As of V2.3 of data.all - share requestors or approvers are able to verify the health status of the share items within their share request from the data.all UI. Any set of share items that are in a shared state (i.e. SHARE_SUCCEEDED or REVOKE_FAILED state) will be able to be selected to start a verify share process.

share_verify

Upon completion of the verify share process, each share item’s healthStatus will be updated with an updated healthStatus (i.e. Healthy or Unhealthy) as well as a timestamp representing the last verification time. If the share item is in an Unhealthy health status, there will also be included a health message detailing what part of the share is in an unhealthy state.

In addition to running a verify share process on particular items, dataset owners can run the verify share process on multiple share objects associated with a particular dataset. Navigating to the Dataset –> Shares Tab, dataset owners can start a verify process on multiple share objects. For each share object selected, the share items that are in a shared state for the associated share object will verified and updated with a new health status and so on.

share_verify

✅ Scheduled Share Verify Task

The share verifier process is run against all share object items that are in a shared state every 7 days by default as a scheduled task which runs in the background of data.all.

If any share items do end up in an Unhealthy status, the data.all approver will have the option to re-apply the share for the selected items that are in an unhealthy state.

share_reapply

Upon successful re-apply process, the share items health status will revert back to a Healthy status with an updated timestamp.

Revoke Items

Both approvers and requesters can click on the button Revoke items to remove the share grant from chosen items.

It will open a window where multiple items can be selected for revoke. Once the button “revoke selected items” is pressed the consequent revoke task will be triggered.

accept_share

✅ Proactive clean-up

In every revoke task, data.all checks if there are no more shared folders or tables in a share request.

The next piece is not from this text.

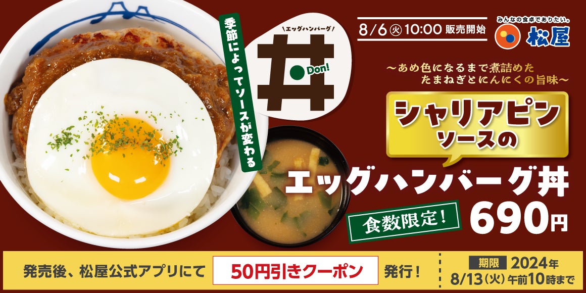 また、2024年8月6日(火)10時~8月13日(火)10時までモバイルクーポンにてご注文いただくと、「シャリアピンソースのエッグハンバーグ丼」が50円引きの640円にてお買い求めいただけます。この機会にぜひ、お召し上がりください。

In such case, data.all automatically cleans up any unnecessary S3 access point or Lake Formation permission.

For the share Approvers the logs of share processor are available via Data.all UI. To view logs of the latest share processor run, click Logs button in right upper conner of the Share View page. accept_logs

To delete a share request, it needs to be empty from shared items. For example, the following request has some items in SHARE_SUCCEEDED state, therefore we receive an error. Once we have revoked access to all items we can delete the request.

Here is a brief explanation of how each type of sharing mechanism is implemented in data.all. It is important to understand what really happens in AWS when dealing with downstream integrations that will consume shared data.

In this type of share the permissions are granted to the IAM role specified in the request as principal. It can be either a data.all team IAM role or an external role defined as consumption role.

When processing a sharing task for an S3 Bucket, data.all will:

Update the S3 Bucket policy to add permissions to the principal IAM role
Create/Update the IAM policy “Share policy” that grants IAM permissions to the requested S3 bucket and KMS key. Attach this policy to the principal IAM role.
(If the Bucket is encrypted using a KMS key) Update the KMS Key policy to add permissions to the principal IAM role

In this type of share the permissions are granted to the IAM role specified in the request as principal. It can be either a data.all team IAM role or an external role defined as consumption role.

When processing a sharing task for a Glue Table, data.all will:

Create a Glue database in the target account with name of the original database plus the suffix _shared. This database will be re-used if other share requests for the same source databaser are processed for other principals in the same environment.
(If the share is cross-account) Revoke IAMAllowedPrincipal permissions from the table to ensure Lake Formation is used in the management of the table access and update LakeFormation to use Version 3 if not already >=3
Grant Lake Formation permissions on the original database and table to the IAM principals in the target. If the share is cross account this step will create a RAM invitation that data.all will identify and accept.
Create a resource link table from the original database table to the _shared database in the target account
Grant Lake Formation permissions to the resource link table for the IAM principals.

In this type of share the permissions are granted to the IAM role specified in the request as principal. It can be either a data.all team IAM role or an external role defined as consumption role.

When processing a sharing task for a Folder, data.all will:

Update the Dataset Bucket policy to allow access point sharing. This is a one-time operation
Create/Update an S3 Access Point and its policy granting permissions to the requested S3 prefix (folder) in the bucket for the principal IAM role.
Create/Update the IAM policy “Share policy” that grants IAM permissions to the S3 Access Point and KMS key. Attach this policy to the principal IAM role.
(If the Bucket is encrypted using a KMS key) Update the KMS Key policy to add permissions to the principal IAM role

In this type of share the permissions are granted to the Redshift role in the Redshift namespace specified in the request.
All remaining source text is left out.